Thanks for your reply, austin,
Is there any possibility to output UTF-8 encoded text right know?
I need no fancy fonts or formating, just some plain text output at
specific x-y corrdinates.
best regards and thanks for the great library,
Yes -- but you have to wade through the font encoding mapping
information for PDF documents right now, and you have to be using a
Unicode-capable font. From the PDF 1.6 Reference:
Font management is primarily concerned with producing the
correct appearance of text—that is, the shape and placement of
glyphs. However, it is sometimes necessary for a PDF application
to extract the meaning of the text, represented in some standard
information encoding such as Unicode. In some cases, this
information can be deduced from the encoding used to represent
the text in the PDF file. Otherwise, the PDF producer
application should specify the mapping explicitly by including a
special object, the ToUnicode CMap.
I have not added support for the /ToUnicode CMap in PDF::Writer, but
it may be possible. However:
Certain strings contain information that is intended to be
human-readable, such as text annotations, bookmark names,
article names, document information, and so forth. Such strings
are referred to as text strings. Text strings are encoded in
either PDFDocEncoding or Unicode character encoding.

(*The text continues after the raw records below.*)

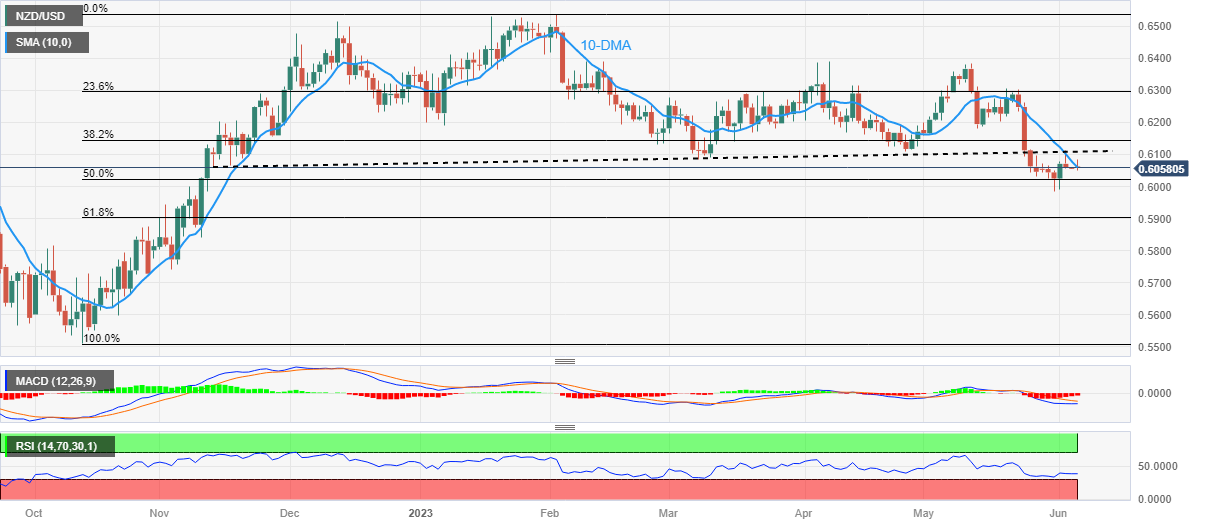 除了10-日移动均缐和前期自2022年11月以来延续的支撑缐,分别在0.6060和0.6110附近成為关键水平外,新西兰市场因假期休市,也使得纽元/美元延续前期跌势。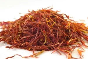 El azafrán, en inglés Saffron, es la parte que receptora del polen en la flor del la planta Crocus sativus.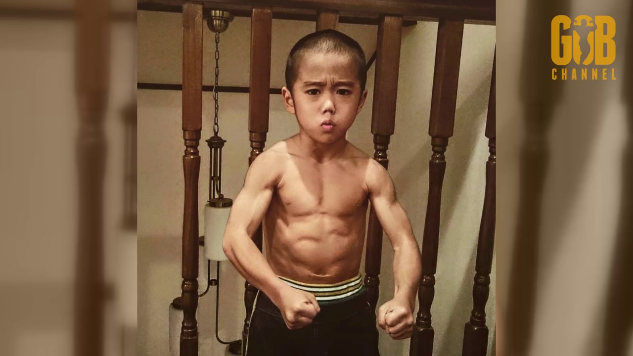 "Кичинекей Брюс Ли" аттыкан жети жашар Рюдзи Имаи машыгып жатып, денесин атлеттердикиндей кылып чыңалткан.
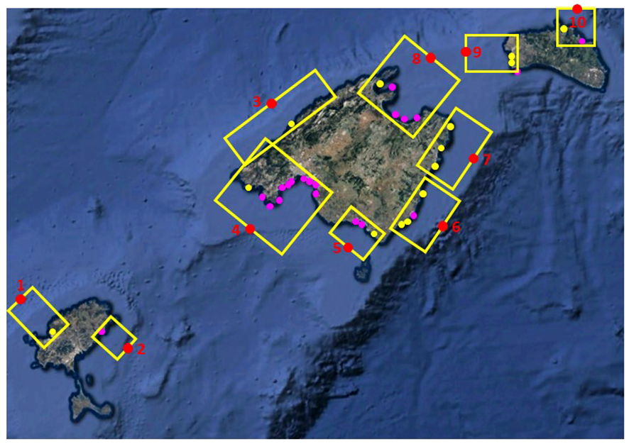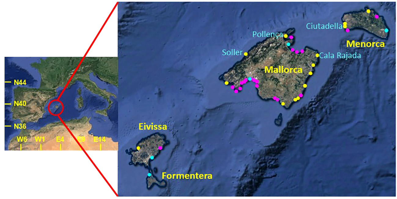 The study area corresponds to the Balearic Islands (western Mediterranean Sea, from 38°38’N to 40°06’N and from 1°09’E to 4°20’E). These islands form an archipelago (Figure 1) with four major islands (Mallorca, Menorca, Eivissa and Formentera) and several islets.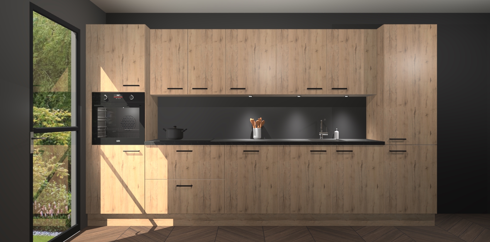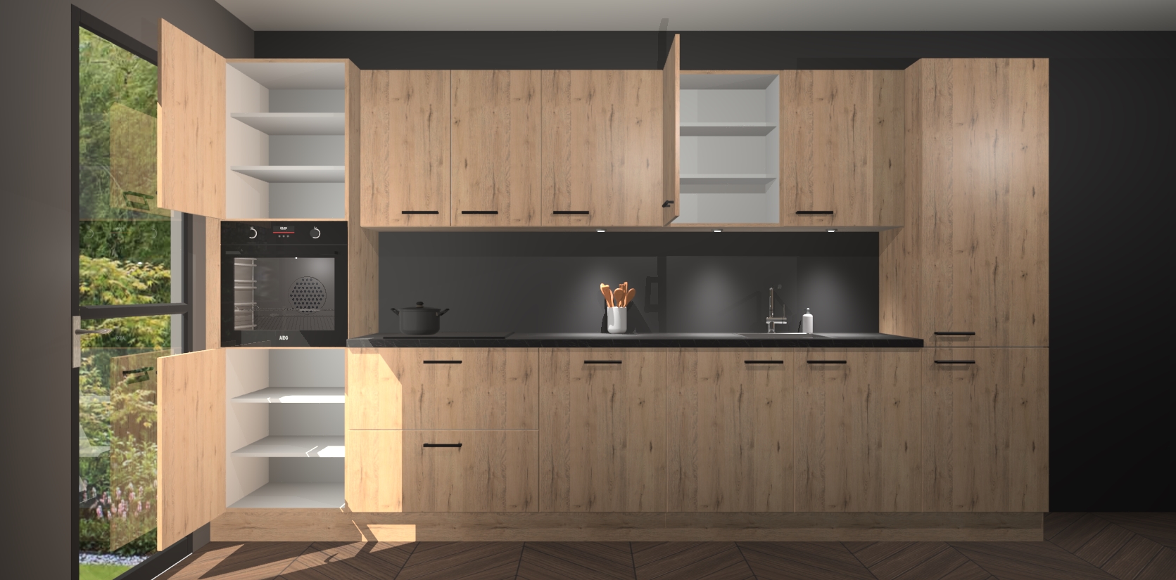 Dit is de perfecte keuken voor wie op zoek is naar een luxueuze stijl zonder zijn portemonnee te legen! Het chique ontwerp van de madera natuur keuken Wels voegt dat vleugje verfijning toe aan elk huis. Het gemak van voorgemonteerde kasten bespaart u talloze uren tijd en energie, zodat u veel sneller dan verwacht kunt beginnen te genieten van uw prachtige nieuwe keuken. Bovendien bedraagt de levertijd slechts 7 weken.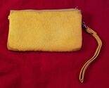 A la venta hay una cartera tipo pulsera de piel de becerro Monserat De Lucca amarilla súper linda. La pulsera tiene un interior negro con herrajes plateados. Cierre con cremallera, ranuras para tarjetas, bolsillos exteriores e interiores con cremallera. Buena condicion. Limpiar por dentro y por fuera con algo de desgaste en los bordes. Mide 7,5" x 4,25"

PDFDocEncoding is a superset of the ISO Latin 1 encoding and is
documented in Appendix D. Unicode is described in the Unicode
Standard by the Unicode Consortium (see the Bibliography).
For text strings encoded in Unicode, the first two bytes must be
254 followed by 255. These two bytes represent the Unicode byte
order marker, U+FEFF, indicating that the string is encoded in
the UTF-16BE (big-endian) encoding scheme specified in the
Unicode standard. (This mechanism precludes beginning a string
using PDFDocEncoding with the two characters thorn ydieresis,
which is unlikely to be a meaningful beginning of a word or
phrase). Note: Applications that process PDF files containing
Unicode text strings should be prepared to handle supplementary
characters; that is, characters requiring more than two bytes to
represent.
An escape sequence may appear anywhere in a Unicode text string
to indicate the language in which subsequent text is written,
which is useful when the language cannot be determined from the
character codes used in the text. The escape sequence consists
of the following elements, in order:
1. The Unicode value U+001B (that is, the byte sequence 0
followed by 27)
2. A 2-character ISO 639 language code—for example, en for
English or ja for Japanese
3. (Optional) A 2-character ISO 3166 country code—for example,
US for the United States or JP for Japan
4. The Unicode value U+001B
The complete list of codes defined by ISO 639 and ISO 3166 can
be obtained from the International Organization for
Standardization (see the Bibliography).
So you can't specify UTF-8, but you can specify UTF-16BE if you
provide the 0xFEFF BOM.
-austin